While China insisted that it was not involved in the Gambia’s decision to cut diplomatic ties with Taiwan, lawmakers yesterday demanded that the government review President Ma Ying-jeou’s (馬英九) policy of “flexible diplomacy” and take precautions to prevent a domino effect in the wake of the incident.
Gambian President Yahya Jammeh announced on Thursday that diplomatic relations with Taiwan would be severed with immediate effective.
Chinese Ministry of Foreign Affairs spokesman Hong Lei (洪磊) said in response to media queries, said that Beijing was caught unaware by the move and that China was not in contact with the Gambia.
In Taipei, politicians across party lines cast doubt on the effectiveness of Ma’s policy of “flexible diplomacy” that underpinned the nation’s “diplomatic truce” with China.
The Democratic Progressive Party (DPP) issued a three-point statement saying that the incident demonstrated the failure of Ma’s policy of “flexible diplomacy” and that the government must immediately engage in crisis management to prevent a domino effect.

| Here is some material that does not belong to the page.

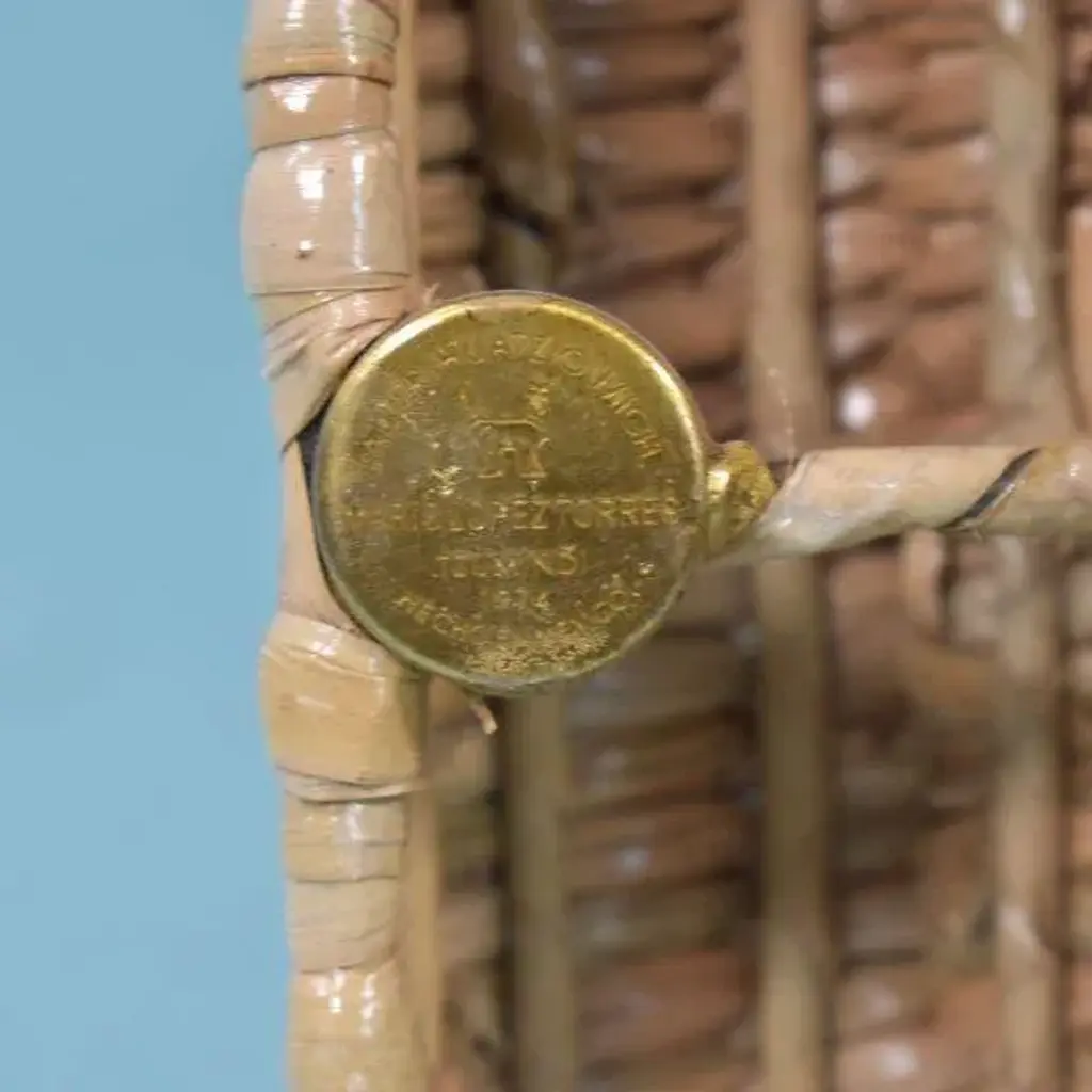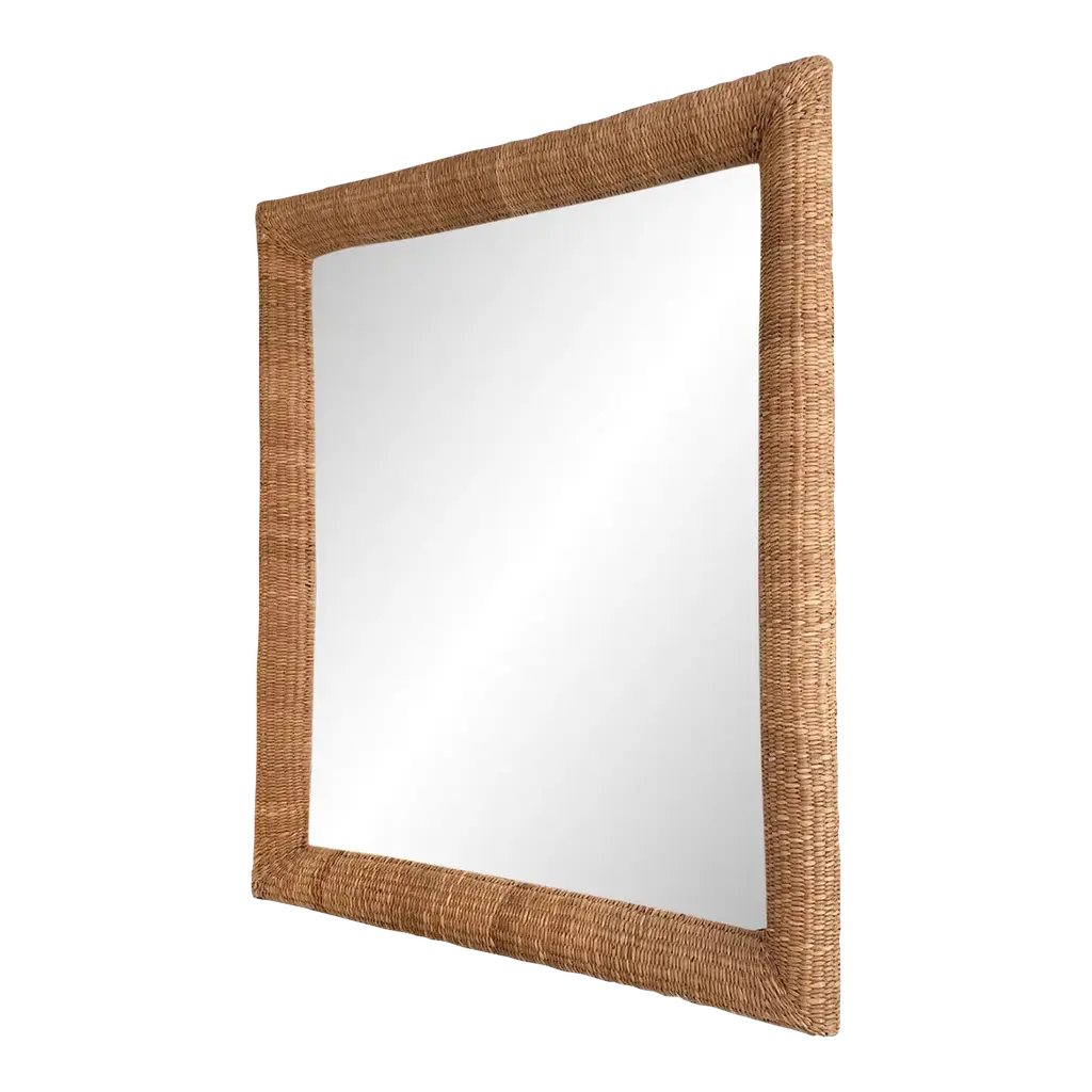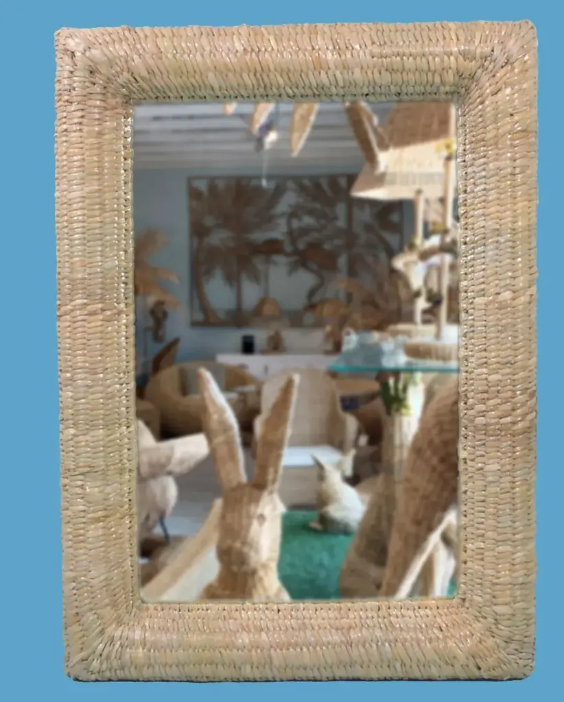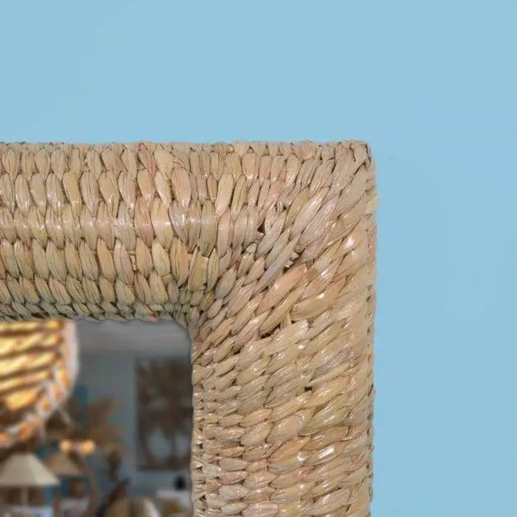 Small Wrapped Mirror By Mario Lopez Torres There are some imperfections to the hand-made woven rattan. Signed Mario Lopez Torres Est. 1974. (see photos)

The DPP demanded that the government explain in detail why the Gambia cut the ties and that officials in charge of national security and diplomatic affairs resign.

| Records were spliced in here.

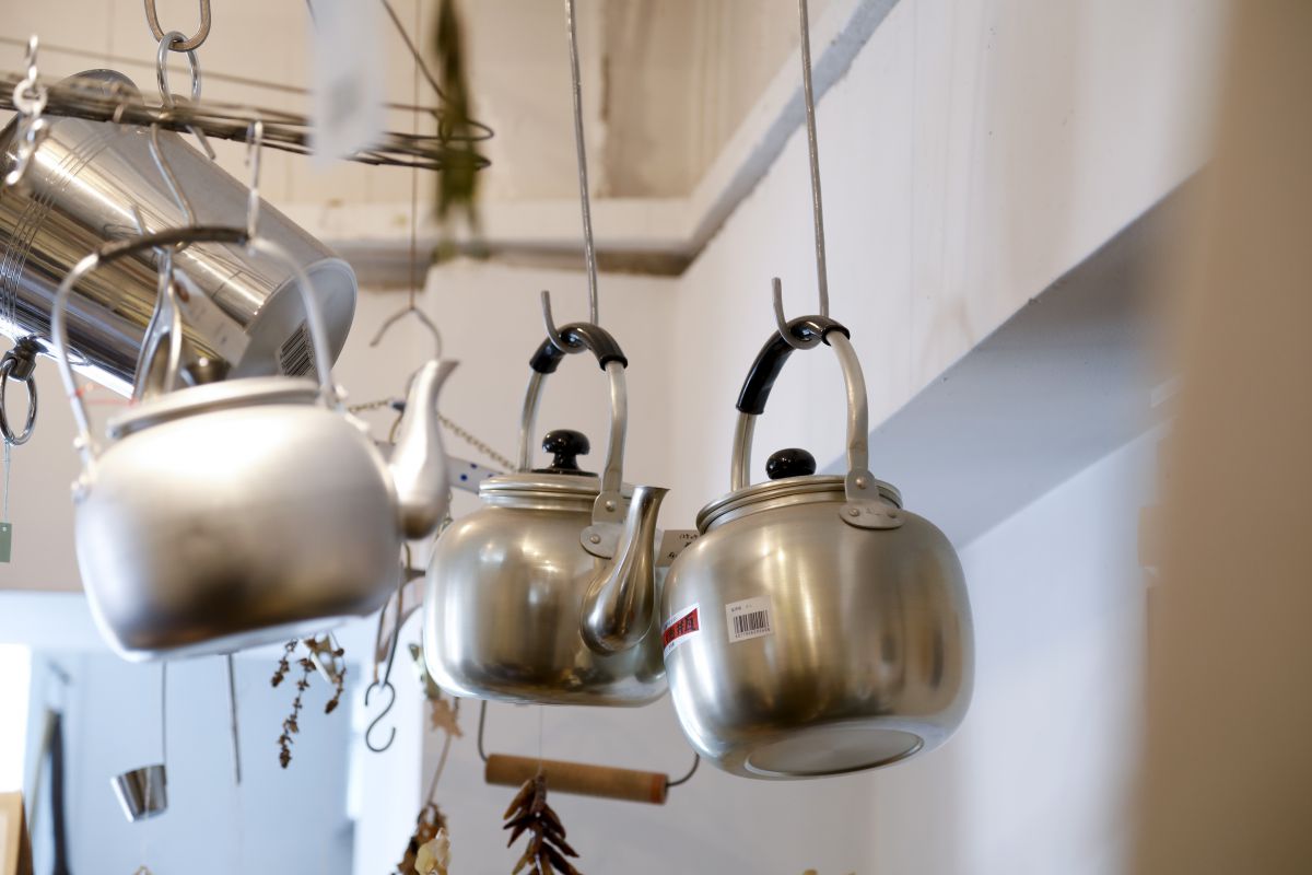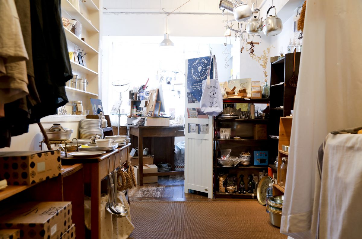 雑貨スペースには、東大阪の小さな町工場で作られる「ダイヤ印」のアルミ製品を中心に、クラフト作家によるアクセサリーや優しい肌触りの衣類が並びます。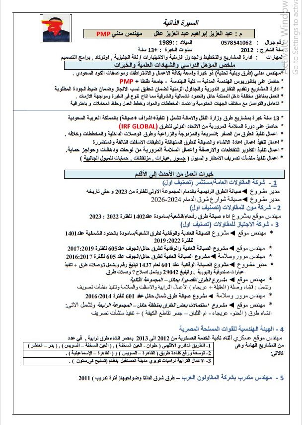 مهندس طرق (صيانة وتنفيذ) خبرة 14 سنة بالمملكة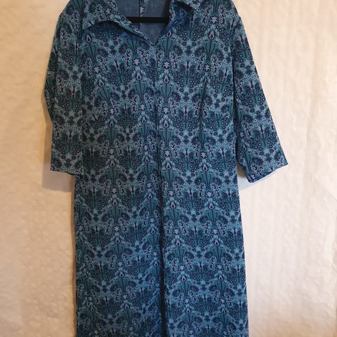 Nydelig kåpe i blått tekstil med fin tekstur og mønster. Nydelig innerstoff i glatt finish. Retroinspirert.

The party also asked Ma to shift his policy away from managing cross-strait relations as a priority to focusing on foreign policy and issues of international and regional concerns.
Meanwhile, government officials, Presidential Office Secretary-General Timothy Yang (楊進添), Premier Jiang Yi-huah (江宜樺) and Deputy Vice Foreign Minister Simon Ko (柯森耀), all said that the incident could be attributed more to Jammeh’s “personal characteristics” than either China or Ma’s policy.
Jammeh did not give any reason as to why it has also withdrawn from the Commonwealth after 48 years and that the UK was also in the dark, they said.
DPP Legislator Tsai Huang-liang (蔡煌瑯) asked the government to be vigilant about relationships with El Salvador, Honduras, Paraguay and the Dominican Republic, saying that all are in danger.
The government should terminate aid projects, which are being implemented in the Gambia, DPP Legislator Hsueh Ling (薛凌) said.
According to DPP Legislator Liu Chao-Hao (劉櫂豪), the aid projects for the Gambia in next year’s government budget were valued at NT$400 million (US$13.5 million).
Jiang did not take the advice, saying that the government would only end the projects — including in the areas of medicine and construction and agriculture — if it fails to retain relations with the Gambia.
Should the government fail to retain ties, about 200 Gambian students studying in Taiwan under scholarship schemes run by the government will not face immediate deportation to the Gambia, Jiang said.
Chinese Nationalist Party (KMT) Legislator Lin Yu-fang (林郁方), an outspoken supporter of “flexible diplomacy,” said the government has to get to the bottom of the situation of whether China broke the tacit agreement that underpinned the policy of “flexible diplomacy.”